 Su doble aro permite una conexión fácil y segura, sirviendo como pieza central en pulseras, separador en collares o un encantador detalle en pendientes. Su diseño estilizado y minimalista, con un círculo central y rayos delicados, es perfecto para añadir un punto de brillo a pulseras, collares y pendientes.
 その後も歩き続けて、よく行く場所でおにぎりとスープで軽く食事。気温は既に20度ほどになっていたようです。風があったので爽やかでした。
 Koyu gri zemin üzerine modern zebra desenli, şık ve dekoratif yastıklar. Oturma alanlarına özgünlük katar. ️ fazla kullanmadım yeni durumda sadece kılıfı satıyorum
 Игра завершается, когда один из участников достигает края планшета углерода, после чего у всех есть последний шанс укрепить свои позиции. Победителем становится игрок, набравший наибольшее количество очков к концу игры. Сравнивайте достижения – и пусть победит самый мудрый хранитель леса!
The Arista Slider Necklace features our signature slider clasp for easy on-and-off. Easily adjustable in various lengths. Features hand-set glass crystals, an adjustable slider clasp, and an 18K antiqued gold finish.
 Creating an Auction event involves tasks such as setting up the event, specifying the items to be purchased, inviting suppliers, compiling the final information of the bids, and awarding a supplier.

==

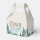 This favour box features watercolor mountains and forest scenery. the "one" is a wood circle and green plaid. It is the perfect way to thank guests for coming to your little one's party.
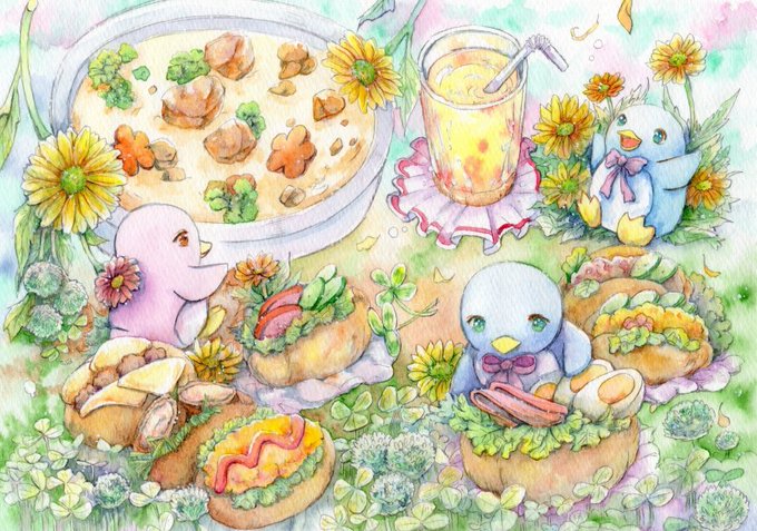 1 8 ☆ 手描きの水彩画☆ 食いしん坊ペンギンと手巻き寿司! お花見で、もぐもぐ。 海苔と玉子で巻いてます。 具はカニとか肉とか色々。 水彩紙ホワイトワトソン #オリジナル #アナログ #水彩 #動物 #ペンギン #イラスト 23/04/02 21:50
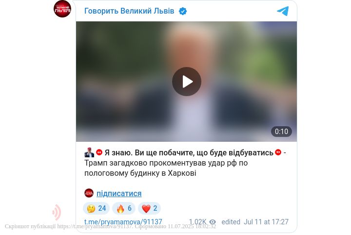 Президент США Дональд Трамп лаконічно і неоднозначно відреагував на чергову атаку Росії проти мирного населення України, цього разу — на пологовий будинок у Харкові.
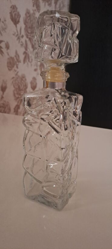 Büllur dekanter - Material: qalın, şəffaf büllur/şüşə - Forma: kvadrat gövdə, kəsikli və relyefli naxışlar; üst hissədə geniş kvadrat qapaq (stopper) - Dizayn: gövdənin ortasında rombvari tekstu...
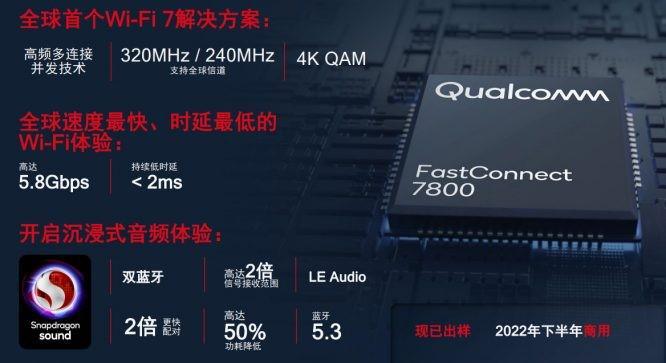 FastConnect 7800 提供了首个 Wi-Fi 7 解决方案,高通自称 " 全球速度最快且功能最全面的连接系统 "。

● Problem details
Using the records above, copy word for word the line with "Su doble aro", the line with "Игра завершается, когда", and every line between them.

● Exercise result
 Su doble aro permite una conexión fácil y segura, sirviendo como pieza central en pulseras, separador en collares o un encantador detalle en pendientes. Su diseño estilizado y minimalista, con un círculo central y rayos delicados, es perfecto para añadir un punto de brillo a pulseras, collares y pendientes.
 その後も歩き続けて、よく行く場所でおにぎりとスープで軽く食事。気温は既に20度ほどになっていたようです。風があったので爽やかでした。
 Koyu gri zemin üzerine modern zebra desenli, şık ve dekoratif yastıklar. Oturma alanlarına özgünlük katar. ️ fazla kullanmadım yeni durumda sadece kılıfı satıyorum
 Игра завершается, когда один из участников достигает края планшета углерода, после чего у всех есть последний шанс укрепить свои позиции. Победителем становится игрок, набравший наибольшее количество очков к концу игры. Сравнивайте достижения – и пусть победит самый мудрый хранитель леса!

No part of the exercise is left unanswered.